The PSCA function and the mechanism of the anti-PSCA antibody remain unclear. PSCA might be functionally involved in oncogenic development (5,27–32), cause differential immune response (14), or mark some specific cell populations. Although there are several reports on genetic association of rs2294008 with bladder, gastric, duodenal, and breast cancers (2,3,14,21,33–40), little data is available for relationships between rs2294008 and PSCA expression in different tissue types (21,39). Our study is a unique and detailed investigation of the allele-specific effects of rs2294008 on PSCA mRNA and protein expression in bladder tissue.

Up to 75% of bladder cancer patients of European descent are estimated to carry the risk rs2294008 CT and TT genotypes. Possibly, if used at early cancer stages (Ta and T1), anti-PSCA immunotherapy might prevent progression to advanced muscle-invasive cancer, a devastating disease that is treated by radical bladder cystectomy together with removal of parts of surrounding organs and lymph nodes to prevent metastasis.

A limitation of our study is that we only studied samples from patients of European ancestry. Similar studies should be performed in other population groups.
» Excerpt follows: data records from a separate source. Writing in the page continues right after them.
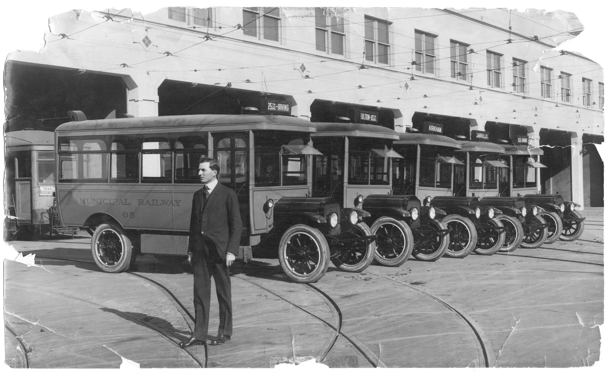 Muni Superintendent Fred Boeken poses with Muni’s first five motor coaches (White Motor Co.) outside Geary Division, 1918. Photo from SFMTA Archives.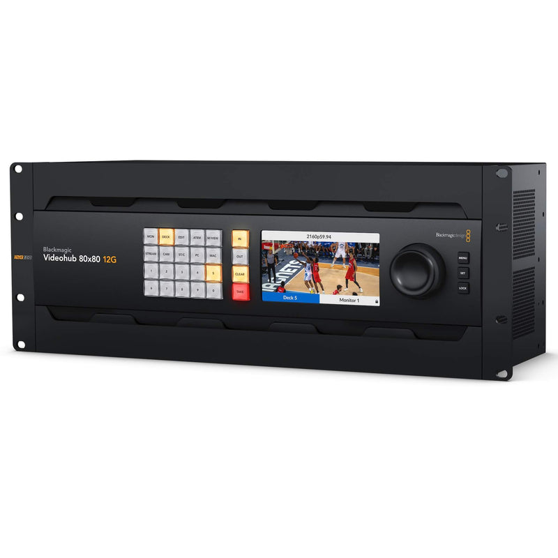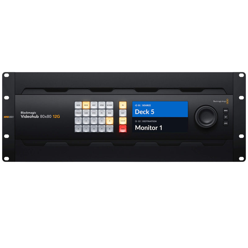 The Blackmagic Design Videohub 80x80 12G is an advanced zero latency video router that supports any combination of SD, HD and Ultra HD on the router at the same time. The 80 12G-SDI inputs feature LEDs on each BNC that indicate an SDI signal, plus there are 80 12G-SDI outputs, redundant power and reference connections in a stylish four rack unit design. The large full HD LCD lets you see video before routing and clearly displays routing labels and video standards. Routing can be performed by direct button selection and using the large spin knob control that has an electronic clutch. It also features SDI re-clocking, external Ethernet control and supports all SDI video standards up to 2160p60.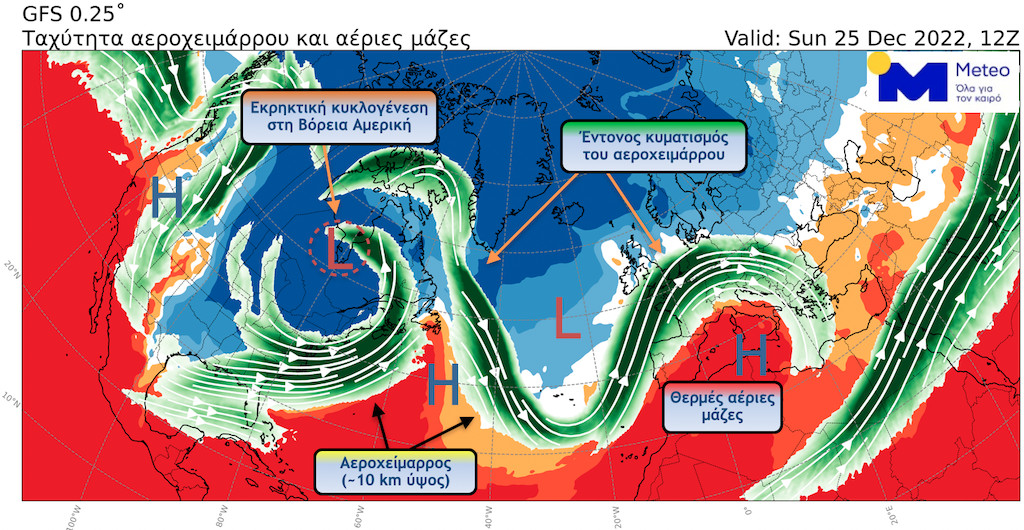 Σύμφωνα με νεότερα δεδομένα, ένα σημαντικό και μεγάλης κλίμακας μετεωρολογικό φαινόμενο βρίσκεται σε εξέλιξη στην περιοχή της Βόρειας Αμερικής την Πέμπτη 22 Δεκεμβρίου 2022 το οποίο αναμένεται να έχει σημαντικές επιπτώσεις στον καιρό της Ευρώπης κατά τη διάρκεια των Χριστουγέννων.

The systemic delivery of this treatment in non-muscle-invasive tumors might be limited because of lower vascularization of these tumors. Alternative approaches may include intravesical administration of the anti-PSCA antibody and/or its conjugation with other bioactive molecules to enhance treatment efficiency and facilitate bladder tumor-specific drug delivery.

This is one of the first studies to show direct translational implications of a genetic variant identified through genome-wide association studies for common cancers. Clinical trials are warranted in order to validate PSCA as a therapeutic target in bladder cancer and rs2294008 as a predictive marker for treatment response.

Funding

This work was supported in whole or in part with federal funds from the Intramural Research Program of the National Institutes of Health, National Cancer Institute (contract HHSN261200800001E). The New England Bladder Cancer study, the National Cancer Institute bladder cancer genome-wide association studies, and follow-up studies are supported by the Division of Cancer Epidemiology and Genetics, Intramural Research Program of the National Institutes of Health, National Cancer Institute. The New England Bladder Cancer study is also supported by a National Cancer Institute contract (NCI N02-CP-01037). This work was supported by a National Cancer Institute Director’s Career Development Award (to Y-PF).

Supplementary Material

Supplementary Data:

Notes

The funders had no role in study design, data collection and analysis, decision to publish, or preparation of the manuscript. The content of this publication does not necessarily reflect the views or policies of the Department of Health and Human Services nor does mention of trade names, commercial products, or organizations imply endorsement by the US government.

We are grateful to all the patients who have provided samples for this study. We thank Dr. Robert Reiter (UCLA) for providing monoclonal anti-PSCA antibody 1G8 and for critical reading of the manuscript, Dr. Dimitra Bourmpoulia (NCI) for providing help with fluorescence activated cell sorter analysis, and Anne Taylor (IMS, Rockville) for help with data management.